Дварф-беглец не шевелился.
Хануман был тяжело ранен. Еще бы. Обжигающие лучи пробили его плоть в нескольких сантиметрах от сердца, теперь он мог похвастаться дырявым легким и отсутствием одной почки. Организм дварфов гораздо крепче и выносливее организма тех же людей, он даже способен восстановить утерянный внутренний орган. Другое дело, что это восстановление займет порядком времени, учитывая, что рану прижгли.
Орк, Леха, сделал, что смог. Он, конечно, мог бы сделать куда больше, если бы Хануман успел очнуться, однако орк не стал тратить более свои медицинские ресурсы и время. И все же во многом именно мазь спасла жизнь дварфу из другого мира, подкрепив его везучесть и усилив живучесть.
Ханумана остался привязан к ветке в пяти метрах над землей. И в таком состоянии провел около двадцати шести часов, чуть более суток. Время, за которое Леха уже успел уйти далеко, а преследователи дварфа смогли бы сцапать беглеца и вернуть его на Родину в мешке для трупов, будь их везение хотя бы в половину таким же как у Хана.
Жан угодил в каменный мешок, глубоко в толще скал, Ури оказался на небольшом парящем островке, расположенном где-то посреди океана, а Лита попала прямо в толщу воды, на глубину в семь тысяч двести три метра.
Очухавшись, дварф чуть не свалился с широкой ветви. И пусть это ему в любом случае не дали бы сделать обхватившие ноги путы, он достаточно громко вскрикнул.
Стояла ночь. Поэтому первое, о чем он подумал, избежав участи оказаться подвешанным вниз головой, была слепота. Полная потеря зрения, к которому он так привык. Мгновенно подступила паника. Но тут его мозг вспомнил, что он прекрасно может обходиться и без зрения – он прошел тяжелые тренировки даврфийских воинов, где их научили, как надо драться. Поэтому он уже успел было смириться с мыслью о том, что теперь придется обходиться без глаз, как облака, ведомые ветром, явили из-за своих плотных туш одно из небесных тел этого мира – Мило. Мило представлял из себя полностью белый диск, что старательно осветил все вокруг, давая дварфу насладиться зрелищем зеленой природы.
Он онемел.
Хан еще не успел подумать о том, что это засветилось в небе, как на него свалилось столь неподражаемое зрелище. Деревья, трава, листья – всего этого прежде он не видел. Хан не думал, что мир, к которому они так стремились, будет на столько отличаться от его родного мира. Ведь там, где он родился – пустыня. Вечная и бесконечная. Их Великий город все то время, что минуло с его рождения, двигался по этой пустоши, не останавливаясь, и не встретил ни одно живое существо. Ни разу на них никто не напал. А ведь Тень Ола отмерила ему уже сотню лет, его должны были посвятить в войны, он должен был пойти учиться премудростям битвы. Однако произошло то, в результате чего он сейчас сидит здесь, абсолютно нагой и с отвалившейся челюстью пытается осознать происходящее.
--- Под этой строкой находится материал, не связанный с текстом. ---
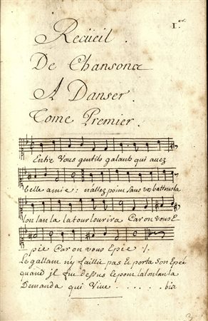 Lotto 875 Recueil / De Chansons / A Danser. / Tome Premier [Tome Second].

Пустыня была непреклонно молчалива перед дварфами, он ни разу не слышал ни единого звука от нее кроме грозного шелеста песчаных бурь, что свирепствовали годами, не выпуская Великий город из своих объятий. Под напором песка стачивался даже бронированный панцирь, отлитый из самых устойчивых сплавов, изобретенных дварфами. Но вот, после той странной ночи, которую Хан едва помнил, с ним произошло столько всего, что он холодел от мысли о количестве нарушенных им запретов.
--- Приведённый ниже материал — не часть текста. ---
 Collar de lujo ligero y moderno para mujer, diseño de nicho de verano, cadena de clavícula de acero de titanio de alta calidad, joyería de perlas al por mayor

А этот мир орал. Он кричал и стенал, терзая барабанные перепонки и разум Хана. Чуткий слух просто агонизировал от незнакомых звуков, переполнивших его и начавших выплескиваться, как жидкий метал из формы, отмеренный нерадивым литейщиком. Шепот, шорох, свист, стекот, скрип, постукивание, фырканье, рычание, хрипы. Хануман оцепенел, его мозг просто забился в панике, подобно неровному валу, неумолимо дробящему стенки идеально ровного и узкого коридора.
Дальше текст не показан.